I would greatly appreciate your advice regarding raising a multilingual son in the following language environment:
I would like my son to speak English, Hungarian, German and Spanish. We live in the US, my husband is American and only speaks English. I am Hungarian and speak Hungarian, English and German at “mother tongue” level, and am conversational in Spanish and French.
My son is two and a half years old. He has been exposed to English and Hungarian from the day he was born. I am a full-time mom and speak mostly Hungarian with him, but when we are outside of the house (at preschool, playdates, grocery store) I speak English with him. Sometimes I speak English with him for a while at home, without noticing it. And when it comes to important parenting moments, I always switch to English.
I am attending several parenting classes, and am learning how to be a parent in English, and therefore it is difficult for me to convey important parenting messages to him in Hungarian. Also, when it’s the three of us at home: husband, son and I, or we are together outside of the house, I always speak English to my son because I don’t want my husband to feel left out.
We have two nannies, one: 2 days a week for 4 hours each (8 hours per week) and is American/English speaking. The other: 4-5 days a week for 5 hours per day (20 hours per week) and is Hungarian, speaks Hungarian with my son exclusively. My parents live in Germany, and speak to my son in Hungarian, about once a week via Skype.
This month he starts preschool, and the program includes Spanish lessons, so he will be exposed to a third language. When he was 20 months old, he had 20 words in English and five in Hungarian. At 28 months, he speaks three-word sentences in English and two-word sentences in Hungarian, and he knows and speaks nearly every word in both languages, so his language skills are roughly equal in both languages. For some words, he seems to have a preference in one language. For example, ‘red’ he always uses the English word, even if we had a whole conversation in Hungarian prior to that. For the word ‘uncle’ he always uses the Hungarian word.
1) Do you agree with our language practices as established or would you recommend some changes?
2) I would like to introduce German when appropriate. Can I do it now or is it better to wait a year or even longer?
3) Since I am the only one who speaks German in the family (my parents and sisters speak it too, but they only visit once or twice a year) – should I switch to German at some point, while we are keeping the Hungarian nanny 20-25 hours per week? Or should I keep speaking Hungarian, and hire a German nanny for 10-15 hours a week?
4) Also, if one of you is available for a conversation via Skype, I would appreciate it and would be delighted to compensate you for your time.
Many thanks and warm wishes!
Thank you for your message and for the detailed description of your family’s language situation. I already had the pleasure of connecting with you though a video call and I am delighted to have learnt to know you and your husband!
Your son is lucky to be growing up in such a language-rich environment and having parents who support him learning several languages. His two first languages, English and Hungarian, are developing well, so you have done a great job at arranging appropriate exposure to them.

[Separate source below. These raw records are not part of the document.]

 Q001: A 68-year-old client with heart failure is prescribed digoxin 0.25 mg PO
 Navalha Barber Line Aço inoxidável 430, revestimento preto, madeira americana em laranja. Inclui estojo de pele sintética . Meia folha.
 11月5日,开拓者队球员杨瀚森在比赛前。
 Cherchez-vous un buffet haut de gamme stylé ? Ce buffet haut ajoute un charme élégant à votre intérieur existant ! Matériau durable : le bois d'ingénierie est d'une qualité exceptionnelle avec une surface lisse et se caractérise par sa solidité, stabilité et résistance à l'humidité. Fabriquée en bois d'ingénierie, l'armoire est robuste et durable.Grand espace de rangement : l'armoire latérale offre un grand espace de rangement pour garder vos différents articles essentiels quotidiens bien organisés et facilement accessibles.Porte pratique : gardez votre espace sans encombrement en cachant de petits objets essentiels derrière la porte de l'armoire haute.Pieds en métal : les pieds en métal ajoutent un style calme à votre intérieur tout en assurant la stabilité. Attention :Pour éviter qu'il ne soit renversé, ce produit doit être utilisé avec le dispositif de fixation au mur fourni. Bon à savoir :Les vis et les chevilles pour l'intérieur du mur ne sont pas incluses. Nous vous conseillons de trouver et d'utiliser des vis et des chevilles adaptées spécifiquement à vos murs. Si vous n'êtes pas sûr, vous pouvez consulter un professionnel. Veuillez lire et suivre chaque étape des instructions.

I can understand your struggle between speaking Hungarian and English, especially since your husband cannot communicate in Hungarian. Having a Hungarian-speaking nanny has no doubt been crucial to your son picking up the language so well.

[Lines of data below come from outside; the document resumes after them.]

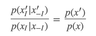 在很多情况下,我们的目标分布是多元联合概率分布 ,我们可以用条件分布概率的比来计算联合概率的比,从而提升计算效率。即:
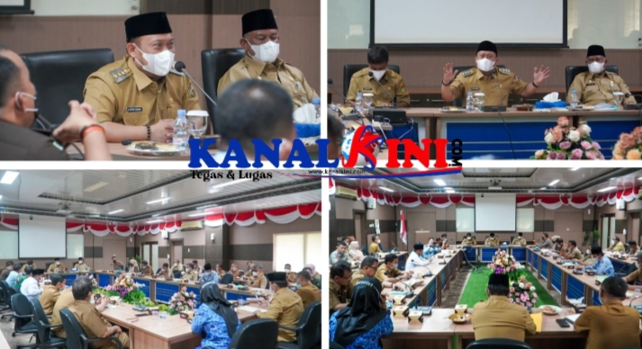 BANGKINANG KOTA, (Kanalkini.com) - Jelan Jadi Kabupaten Kampar ke 72 Tahun 2022 - Dalam menyambut dan memeriahkan serta menyukseskan penyelenggaraan Hari Jadi Kabupaten Kampar ke 72 Tahun 2022 yang bertepatan pada hari Ahad, 6 Februari 2022 mendatang, Untuk itu Bupati Kampar H. Catur Sugeng Susanto, SH di dampingi Sekretaris Daerah Kabupaten Kampar Drs. H. Yusri, M.SI dan Asisiten I Setda Kampar Ahmad Yuzar melakukan Rapat Persiapan Hari Jadi Kampar ke 72 yang di laksanakan di lantai tiga
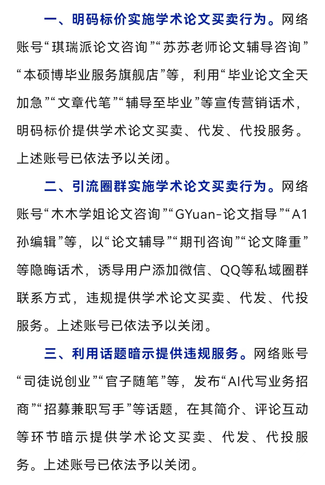 1.中央网信办严打一批涉学术论文买卖违法违规账号:近期,部分网络账号违规提供学术论文买卖、代发、代投服务,严重扰乱网络秩序,污染网络生态。中央网信办依法严惩一批违法违规账号,现将部分典型案例通报如下↓(“网信中国”微信公众号)
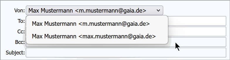 Sie haben beim Verfassen einer Mail nun die Wahl, unter welcher Absender-Adresse Sie die Mail versenden wollen.

With regards to you feeling that you want to avoid that your husband feels left out if you were to speak Hungarian with your son when you are all together – this is something you should discuss with your husband. I know of many couples where the minority language parent avoids speaking his or her language of this very reason – and the majority language parent would wish that their partner spoke more of the minority language so they could pick up some of it, too. The problem is that the parents have never discussed this! As I know your husband has a positive attitude to multilingualism and does already know a little of several languages, he may well be perfectly fine with more Hungarian in the home.
I am emphasising your use of Hungarian with your son, as there will come a point when you won’t need a nanny anymore, because your son will attend school full time. At this point, his Hungarian exposure would drastically decrease. Getting used to speaking mostly Hungarian with your son now, will make it easier for when you will be the main source of Hungarian exposure for him.

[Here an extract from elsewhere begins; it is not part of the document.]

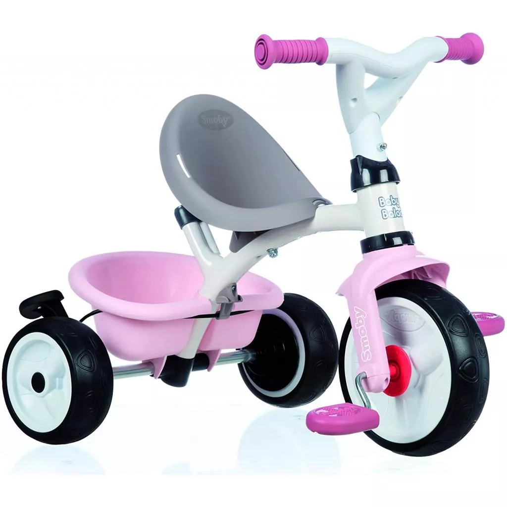 Современный трехколесный велосипед Smoby с бесшумными колесами имеет прочную металлическую раму, руль с сигналом и расширенное сиденья, регулируемые по высоте, подставки для ног и откидной багажник. Поворот руля ограничен 30 градусами для безопасного прохождения поворотов, есть возможность блокировки колес и руля. Велосипед оснащен и укомплектован защитным ободком по периметру и ремнем безопасности. Имеет съемную ручку для управления велосипедом взрослыми, которая отсоединяется, когда ребенок начинает управлять самостоятельно.

I wouldn’t worry about your son mixing languages and preferring to use one language over the other for a specific phrase. This is normal bilingual child behaviour and he will by time learn which word to use in which language.
With regards to your questions:
1) At this moment, your setup is ideal for passing on Hungarian and English to your son.
2) You can introduce a little German through play, songs and rhymes, but at this point I would not yet start speaking German with him. He will already be learning a third language, Spanish, when he goes to school, and you might want to support him with this. We will discuss your priorities in more detail during our call.
3) The fourth language – in your case German – will require some additional effort from you. I understand that Hungarian is higher on the priority order than German, so I would not recommend that you switch to German at this point. If you manage to stick to Hungarian, then hiring a German-speaking nanny would be a natural way of introducing the language. You would then need to think about how to continue the German-exposure once the nanny is no longer needed. We will talk about the details of this during our next calls.
4) Thank you for asking. We have already had our first call and once I receive your completed questionnaire, I can put together a Family Language Plan for you with recommendations and next steps. After that we will have at least one follow-up call and further calls as and when you feel necessary. Looking forward to catching up!
Wishing you a successful multilingual family journey, speak to you soon!